Adoption is already underway outside crypto. TLS 1.3 supports post-quantum key exchange. Major cloud providers — AWS, Google Cloud, Azure — are migrating their internal infrastructure. The cryptographic community has moved past debate and into deployment.

Ethereum's Long Road

Ethereum has acknowledged quantum resistance as a long-term priority, but migration will span the execution layer, consensus layer, and data layer. Wallets, validators, smart contracts, and HSMs all need upgrades. The Ethereum Foundation estimates this will take years of coordinated effort. Zero-knowledge proof systems — central to Ethereum's scaling roadmap — also require post-quantum redesigns.

Bitcoin's Challenge

Bitcoin has no formal quantum-resistant upgrade path yet. The community is aware of the issue, and researchers like Jonas Nick have proposed new signature schemes. But Bitcoin's consensus process moves deliberately, and there's no agreement on timeline or approach.

Mike Belshe outlined the sequence of work required on Episode 77:

"Three things have to happen. First, you have to update on chain — probably takes a year and a half, two years. Number two, wallets have to integrate that. Number three, all of the users need to move to those wallets. Then number four, we need to deal with Satoshi's coins, which is maybe the non-technical and yet existential debate for what Bitcoin is at its core."
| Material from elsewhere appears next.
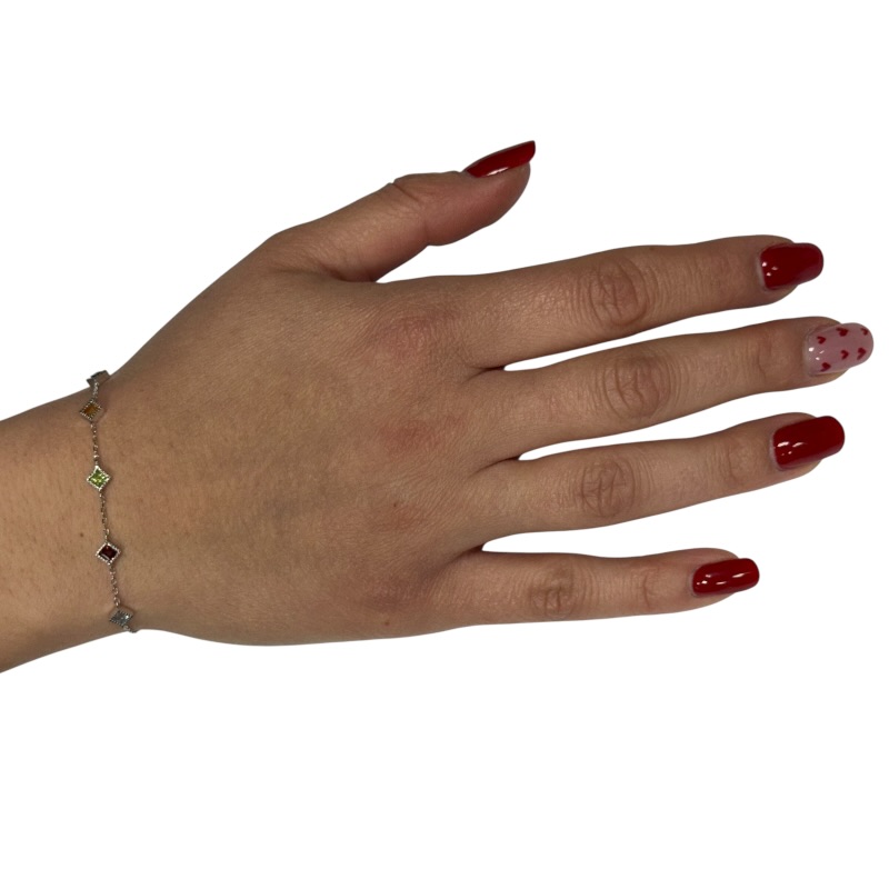 Bracciale da donna in argento 925 con rombi impreziositi da zirconi quadrati colorati. Lunghezza 16 cm più 3 cm di allungo. Chiusura con moschettone regolabile

Post-quantum signatures are also significantly larger than current 64-byte ECDSA signatures, which creates scalability issues for Bitcoin's already constrained block space. Migration won't be simple.

Is This Urgent or Is It Hype?

The case for urgency:

• Google's research is peer-reviewed and uses zero-knowledge proofs to validate findings without providing a roadmap for attackers
• Resource estimates have dropped 20x in this paper alone — the trend line points down
• NIST, Circle, the Ethereum Foundation, and major cloud providers are all treating this as real
• Google's own internal 2029 migration timeline signals genuine institutional concern
• "Harvest now, decrypt later" is a real threat for long-lived assets that can't be rotated

The case for measured response:

• No quantum computer can execute this attack today
• 105 qubits (Google Willow) vs 1,200–1,450 logical qubits needed — a significant hardware gap remains
• Institutions have time to prepare, but the preparation itself takes years
• The bigger risk is compressed migration timelines and rushed implementations, not a surprise attack

Haseeb Qureshi, a partner at Dragonfly, framed the shift in urgency on Episode 77: the Google research "brings in the date of what we thought was going to be something in the mid-2030s to three years away. And that changes the urgency."

What Institutions Should Do Now

1. Assess cryptographic exposure. Map which systems rely on ECDSA or other quantum-vulnerable cryptography. This includes wallets, custody platforms, TLS connections, HSMs, and MPC systems. If you hold digital assets in wallets with exposed public keys — or your custody provider does — that's the first thing to address.

2. Follow BitGo's lead on key hygiene. Belshe noted on Episode 77 that BitGo already uses the most resistant techniques available: "If you don't expose your public keys, you're as safe as you can be." Never reusing addresses and avoiding Taproot-format wallets where possible buys time.

3. Budget for larger signatures. Post-quantum cryptographic signatures are 2–10x larger than their classical equivalents. That means more storage, more bandwidth, and slower verification. Plan for it now in infrastructure design.

4. Start testing NIST-approved algorithms. The post-quantum standards are finalised. Begin integrating ML-KEM and ML-DSA into non-production environments to understand the performance implications.

5. Build new infrastructure quantum-resistant from day one. If you're launching new blockchain infrastructure, new custody platforms, or new digital asset products, follow Circle's Arc approach and design in post-quantum cryptography from the start. Retrofitting is harder and riskier.

The Takeaway

Quantum computing is no longer a theoretical concern sitting on a 15-year horizon. Google's March 2026 research showed the required computing resources are dramatically lower than previously estimated, and their own internal timeline points to 2029. Circle is already building quantum resistance into new infrastructure. NIST standards are finalised and being adopted across the broader technology industry.

For institutions managing digital assets, the migration will take years — updating chains, upgrading wallets, moving users, testing new cryptographic schemes. That's precisely why the time to start is now. The risk isn't a quantum attack next week. It's arriving at Q-Day without having done the preparation work, and discovering the migration window has already closed.